• **What is required**
Retype all the entries word for word, but omit the pictures.

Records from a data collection
* * *

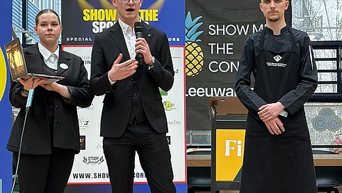 Mūsu studenti Karlīna Kleiva, Roberts Sūna un Lauris Hanis piedalījās starptautiskajā konkursā “Show Me The Concept” Lēvardenā, Nīderlandē, kur izstrādāja un angļu valodā prezentēja savu viesmīlības nozares konceptu.
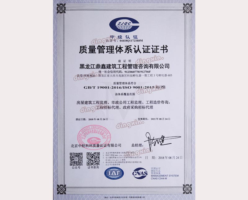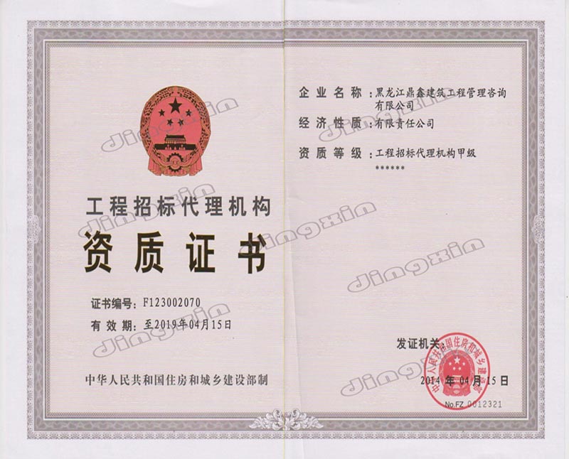 黑龍江鼎鑫建筑工程管理咨詢有限公司成立于2005年,注冊資金400萬元。具備中華人民共和國住房和城鄉(xiāng)建設部批準的工程招標代理機構資格、中華人民共和國財政部批準的政府采購招標代理機構資格、黑龍江省商務廳批準的機電產品國際招標代理機構資格、中華人民共和國住房和城鄉(xiāng)建設部批準的工程造價咨詢甲級資質、黑龍江省住房和城鄉(xiāng)建設廳批準的房屋建筑工程監(jiān)理乙級(市政公用工程監(jiān)理乙級資質)。主要從事建設工程及政府采購招標、造價咨詢、工程監(jiān)理、項目管理等業(yè)務。
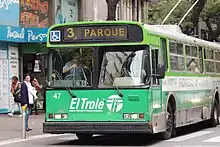 On 14 February 1958, at the intersection of 9 de Julio and Necochea streets, Dr. Isidoro Bousquet formally opened Mendoza's trolleybus system.[2] The first line to be put into service by the system's operator, the Empresa Provincial de Transportes de Mendoza (EPTM), was the "Parque" line, also known as line number 1. To this day, that line still follows the same route (9 de Julio, Colón, Arístides Villanueva, Boulogne Sur Mer, Jorge A. Calle, Perú and Godoy Cruz streets).[1] The system's second line, "Villa Nueva", opened in February 1959 and the third, "Dorrego", in March 1961.[3] Publicly, the routes were designated by names only, not numbers, and this practice continued until the mid-1990s and was revived in the 2010s.
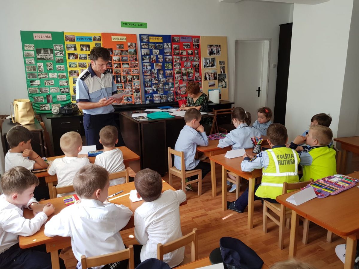 Prima probă a concursului a fost una teoretică, în care micuţii au avut de recunoscut indicatoare şi marcaje rutiere şi de identificat modalităţile în care pot folosi în siguranţă drumurile publice.
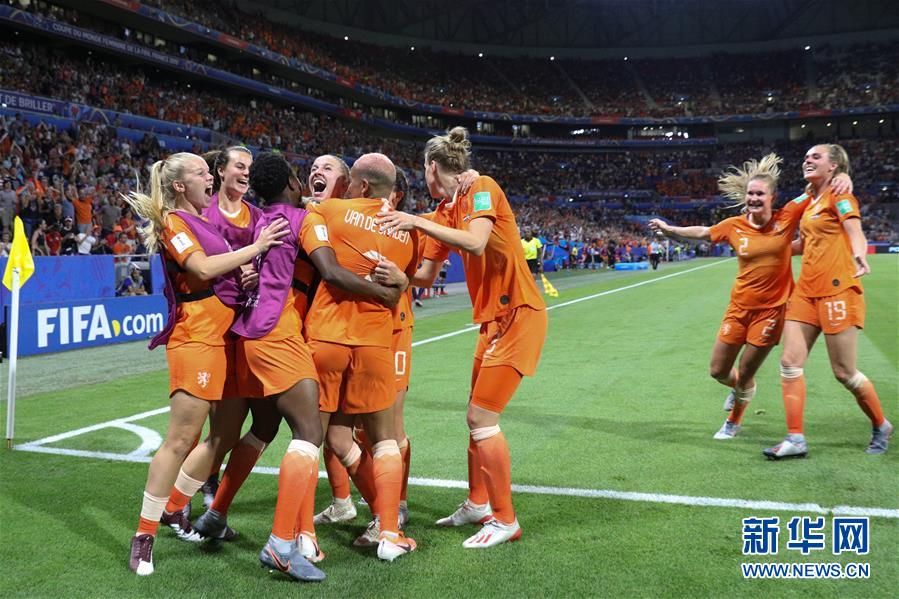 7月3日,荷兰队球员格勒嫩(左四)进球后与队友庆祝。 当日,在法国里昂举行的2019年国际足联女足世界杯半决赛中,荷兰队在加时赛中攻入一球,以1比0战胜瑞典队,晋级决赛。 新华社记者徐子鉴摄

* * *

• **Answer to the exercise**
 Mūsu studenti Karlīna Kleiva, Roberts Sūna un Lauris Hanis piedalījās starptautiskajā konkursā “Show Me The Concept” Lēvardenā, Nīderlandē, kur izstrādāja un angļu valodā prezentēja savu viesmīlības nozares konceptu.
 黑龍江鼎鑫建筑工程管理咨詢有限公司成立于2005年,注冊資金400萬元。具備中華人民共和國住房和城鄉(xiāng)建設部批準的工程招標代理機構資格、中華人民共和國財政部批準的政府采購招標代理機構資格、黑龍江省商務廳批準的機電產品國際招標代理機構資格、中華人民共和國住房和城鄉(xiāng)建設部批準的工程造價咨詢甲級資質、黑龍江省住房和城鄉(xiāng)建設廳批準的房屋建筑工程監(jiān)理乙級(市政公用工程監(jiān)理乙級資質)。主要從事建設工程及政府采購招標、造價咨詢、工程監(jiān)理、項目管理等業(yè)務。
 On 14 February 1958, at the intersection of 9 de Julio and Necochea streets, Dr. Isidoro Bousquet formally opened Mendoza's trolleybus system.[2] The first line to be put into service by the system's operator, the Empresa Provincial de Transportes de Mendoza (EPTM), was the "Parque" line, also known as line number 1. To this day, that line still follows the same route (9 de Julio, Colón, Arístides Villanueva, Boulogne Sur Mer, Jorge A. Calle, Perú and Godoy Cruz streets).[1] The system's second line, "Villa Nueva", opened in February 1959 and the third, "Dorrego", in March 1961.[3] Publicly, the routes were designated by names only, not numbers, and this practice continued until the mid-1990s and was revived in the 2010s.
 Prima probă a concursului a fost una teoretică, în care micuţii au avut de recunoscut indicatoare şi marcaje rutiere şi de identificat modalităţile în care pot folosi în siguranţă drumurile publice.
 7月3日,荷兰队球员格勒嫩(左四)进球后与队友庆祝。 当日,在法国里昂举行的2019年国际足联女足世界杯半决赛中,荷兰队在加时赛中攻入一球,以1比0战胜瑞典队,晋级决赛。 新华社记者徐子鉴摄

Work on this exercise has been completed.